In many parts of the world, water shortage is a serious problem. In addition to the uneven distribution of water resources and the high population concentration in large cities, extreme weather conditions resulting from global climate change have exacerbated the situation (Arnell 1999). Water reclamation has become an important method to mitigate this problem. Over the past several decades, wastewater reclamation has even become employed for potable use in arid areas of the world (e.g., Asano et al. 2007).

Soil aquifer treatment (SAT) is a common method for water reclamation (Quanrud et al. 1996; Dillon et al. 2006). Many studies have demonstrated its ability to decompose or remove organic compounds by biodegradation and/or adsorption (e.g., Quanrud et al. 2003).

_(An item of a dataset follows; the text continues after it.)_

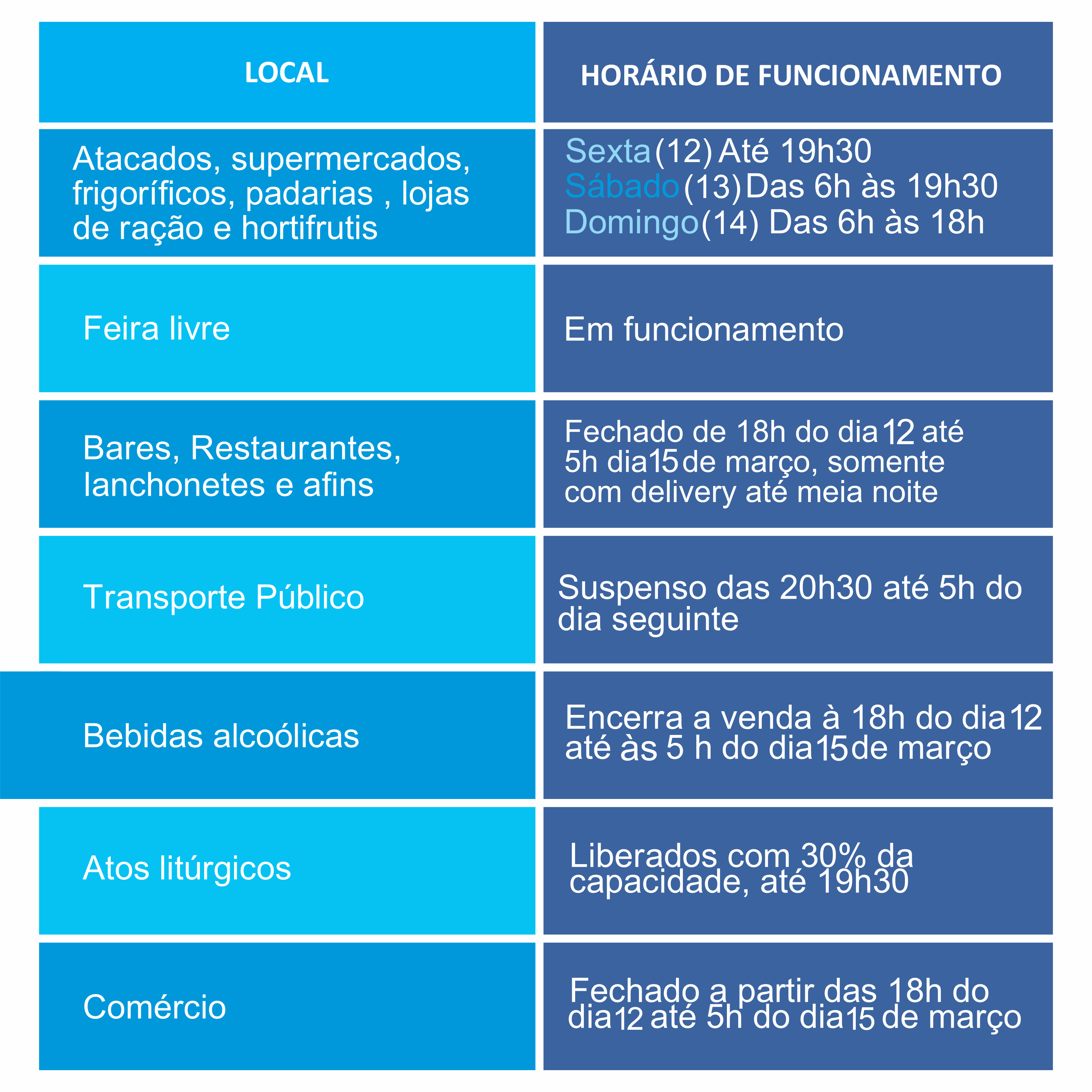 – Fechamento do comércio, das 18h do dia 12 de março, até́ às 05h do dia 15 de março;

Pharmaceuticals and personal care products (PPCPs) are a major safety concern in the reuse of wastewater effluent. The safety of PPCPs for humans at the high doses intended for medical use and, in some cases, aquatic ecosystems (Anzai et al. 2007), have to be confirmed before they are employed. However, the effects of PPCPs themselves and their metabolites on human health and the natural environment through the long-term exposure in the form of mixtures are not yet fully understood. Many researchers have reported the decomposition of various PPCPs by SAT (e.g., Massmann et al. 2006; Maeng et al. 2011 and references therein), but information on the presence and fate of PPCP metabolites in SAT is still limited despite recent research efforts (e.g., Montgomery-Brown et al. 2003; Schulz et al. 2008; Li et al. 2013; Hübner et al. 2014).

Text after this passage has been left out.